The functions lid_fstr() and lid_ffile() return a hash reference containing the results of the language and encoding identification.

The hash reference contains the following keys:

language

The language's name (in English), i.e. "German", "French", "English".

isocode

The language's ISO 639-3 code, i.e. "deu", "fra", "eng".

encoding

The character encoding, i.e. "UTF-8", "ISO-8859-1", "UTF-32BE".

  $result = {
                'language'  =>  'English',
                'isocode'   =>  'eng',
                'encoding'  =>  'ASCII'
            };

ERROR HANDLING

The functions lid_fstr() and lid_ffile() return undef if an error occurs. Lingua::Lid::errstr() can be used to obtain an appropriate message describing the last occurred error.

Have a look at lid's manual for a list of all error messages.

NOTE:

The $Lingua::Lid::errstr variable is still supported and thread-safe, too. Internally it is tied to Lingua::Lid::errstr() using Lingua::Lid::Errstr. However, as of Lingua::Lid v0.02 Lingua::Lid::errstr() is preferred and should be used in any new code. $Lingua::Lid::errstr may be removed in a future release.

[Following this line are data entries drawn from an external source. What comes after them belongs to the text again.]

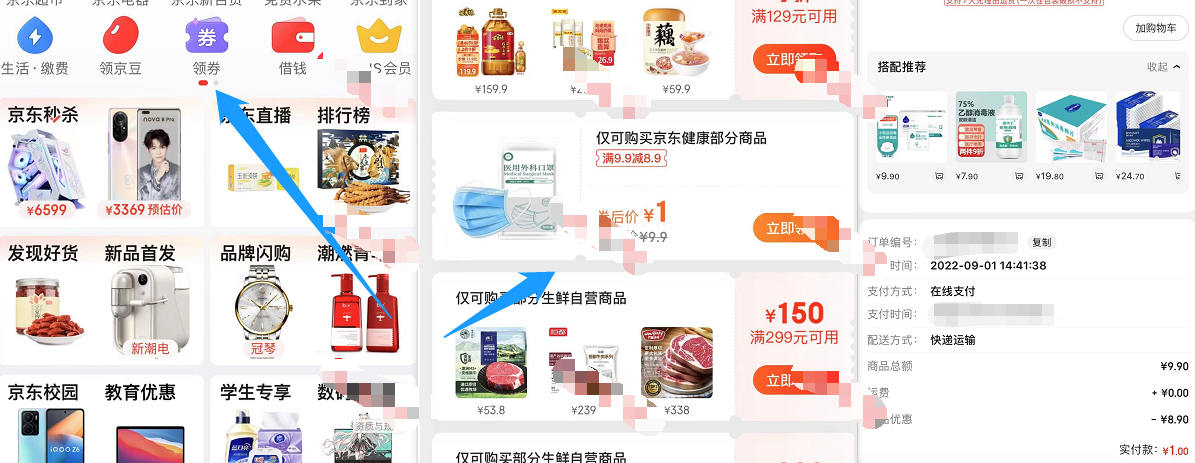 1、京东APP首页“领券”->下拉领取9.9减8.9元券->把口罩加入购物车
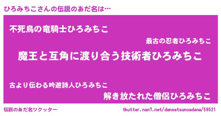 | 女子向けラノベタイトル風あだ名 | 『闇のひろみちこ』『ひろみちこ恋絵巻』 |
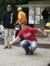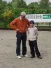 Hendrik Kruse gewinnt zum zweiten Mal. Wie immer stimmten die äußeren und organisatorischen Rahmenbedingungen beim Generationenturnier in Krefeld. Bei traumhaften Wetter konnte sich Hendrik Kruse mit seinem Partner Wolfgang Stracke (beide BC Krefeld) nach 5 Runden durchsetzen und sich den Turniersieg sichern. Der Sieg in Krefeld ist der zweite Sieg in der diesjährigen Turnierserie den Hendrik für sich verbuchen kann. Den zweiten Platz sicherte sich Christian Schneider mit seinem Partner Ludger Roloff (beide von Boule d´Aix-la-Chapelle). Dritte wurde die frisch gewählte Jugendsprecherin Rebekka (Bekki) Große (PF Goch) mit ihrem Partner Nico Stane (BC Krefeld). Auf den vierten Platz schafften es Viktor Graumann mit Partner Erik Heinzelmann (BPC Essen Stadtgarten) Ein Blick auf die Wertungstabelle, zeigt wie eng es in Krefeld zuging. Über die ersten vier Plätze mussten die Buchholzpunkte entscheiden, da die vier besten Mannschaften 4 von 5 Spielen gewonnen hatten. Der Erstplatzierte hatte lediglich da Spiel gegen die Drittplatzierte verloren. Diese wiederum konnte lediglich das Spiel gegen den Zweitplatzierten nicht für sich entscheiden und der Zweitplatzierte musste sich nur im Spiel gegen den späteren Sieger des Turniers geschlagen geben. Auch die anderen Mannschaften lieferten sich spannende Partien und kämpften ehrgeizig mit großem Einsatz um Punkte und Siege. Es war wieder einmal schön anzusehen, wie harmonisch "alt & jung" miteinander umgingen. Das schlechte Wetter am Vortag hatte leider einige Jugendliche davon abgehalten, die Reise nach Krefeld anzutreten. So blieb das Teilnehmerfeld doch sehr überschaubar, was aber die Stimmung auf dem herrlichen Boulegelände in Krefeld nicht trüben konnte. Ein besonderer Dank gilt dem ausrichtenden Verein, der wieder einmal für hervorragende Rahmenbedingungen gesorgt hatte. |

COMPARISON TO THE C INTERFACE

Lingua::Lid's function lid_fstr() and lid_ffile() behave exactly as their lid counterparts in C.

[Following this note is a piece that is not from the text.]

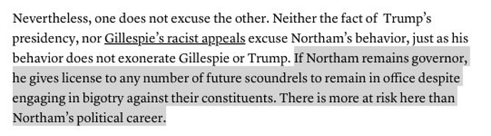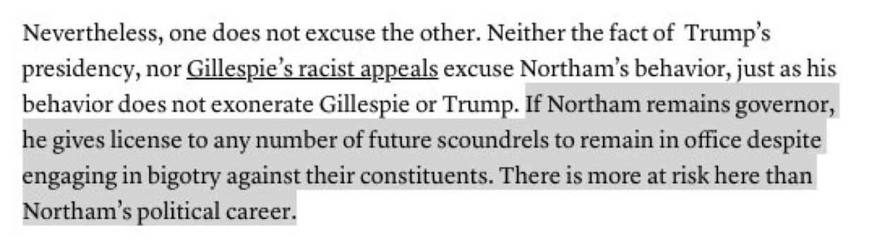 I would bet Northam becomes a Republican in the next week or so. He can claim the Democratic Party is the party of intolerance and unchristian in their inability to forgive. That will play well with the Republican base and give them a governorship to boot.
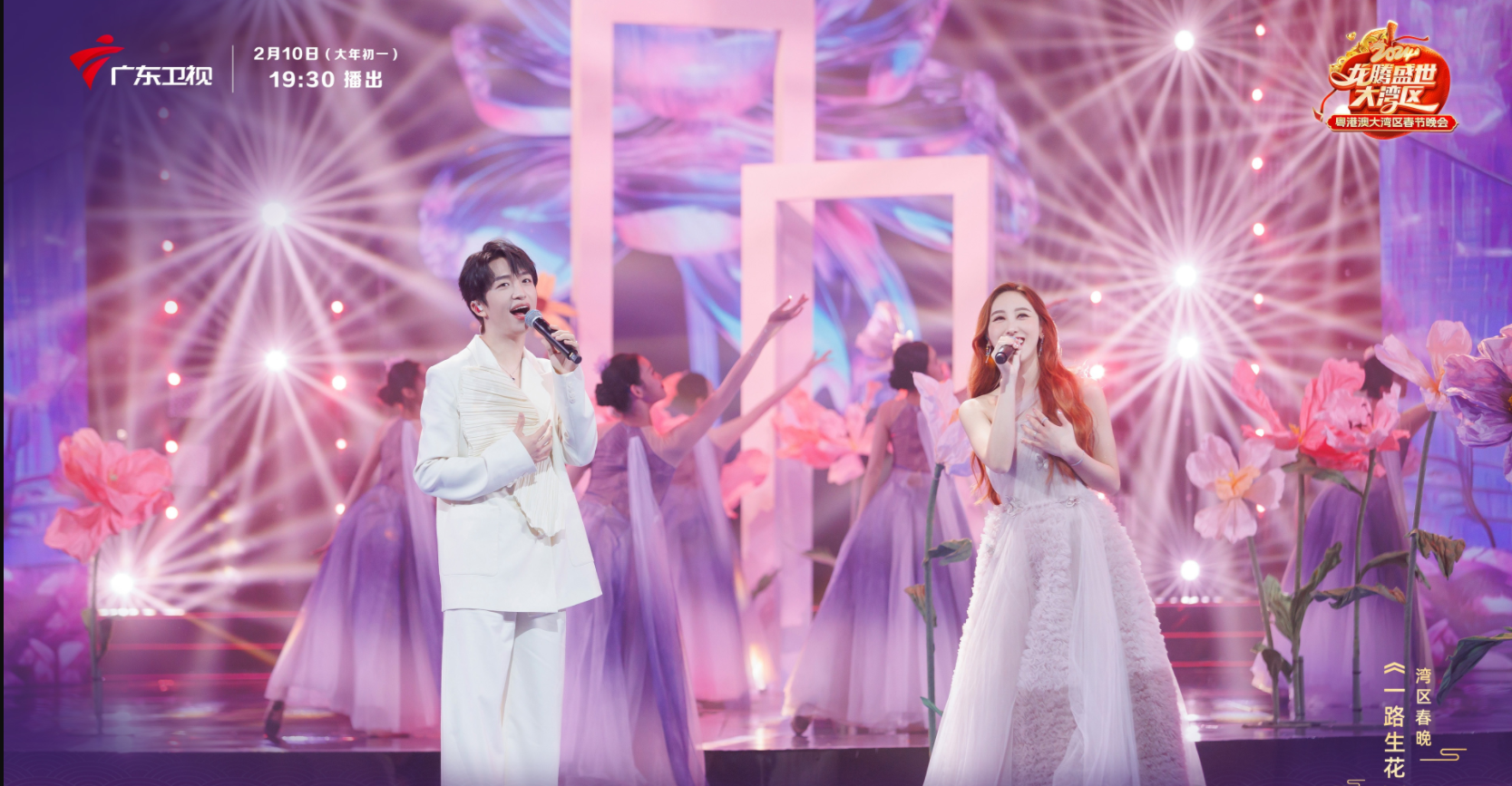 湾区春晚的结尾群星齐唱《大湾》《国家》,祝愿祖国繁荣昌盛,广东春晚完美画上句号。

The C functions lid_fnstr() and lid_fwstr() are not needed, use the Lingua::Lid function lid_fstr() in any Perl code instead.

The C function lid_strerror() and the per-thread pseudo-variable lid_errno are not needed. Rather than returning a pointer to NULL, Lingua::Lid's lid_fstr() and lid_ffile() return undef on errors. Lingua::Lid::errstr() can be used to obtain an appropriate message describing the last occurred error.

lid's function lid_version_string() is available as lid_version() in Lingua::Lid.

The C defines LID_VERSION_STRING (LID_VERSION in lid v2.x.x) is not available in Lingua::Lid, use lid_version_ct() instead.

Lingua::Lid's results data structure sticks to the C lid_t * structure as close as possible. See "IDENTIFICATION RESULTS DATA STRUCTURE" above.

EXAMPLES

  use strict;
  use Lingua::Lid qw/lid_fstr lid_version/;

  print "Lingua::Lid v$Lingua::Lid::VERSION, using lid v",
    lid_version(), "\n";

  my @strings =
  (
      "This is a short English sentence.",
      "Dies ist ein kurzer deutscher Satz.",
      " "
  );

  foreach my $string (@strings)
  {
      if (my $r = lid_fstr($string))
      {
          print join(" - ", $r->{language}, $r->{isocode},
                            $r->{encoding}), "\n";
      }
      else
      {
          print "lid_fstr() failed: ", Lingua::Lid::errstr(), "\n";
      }
  }

The program above produces the following output:

  Lingua::Lid v0.02, using lid v3.0.0
  English - eng - ASCII
  German - deu - ASCII
  lid_fstr() failed: Insufficient input length

BUGS

None known.

Please report bugs either using CPAN's bug tracker or to <perl@lingua-systems.com>.

SEE ALSO

AUTHOR

Alex Linke <alinke@lingua-systems.com>

COPYRIGHT AND LICENSE

Copyright (C) 2009-2014 Lingua-Systems Software GmbH

This extension is free software. It may be used, redistributed and/or modified under the terms of the zlib license. For details, see the full text of the license in the file LICENSE.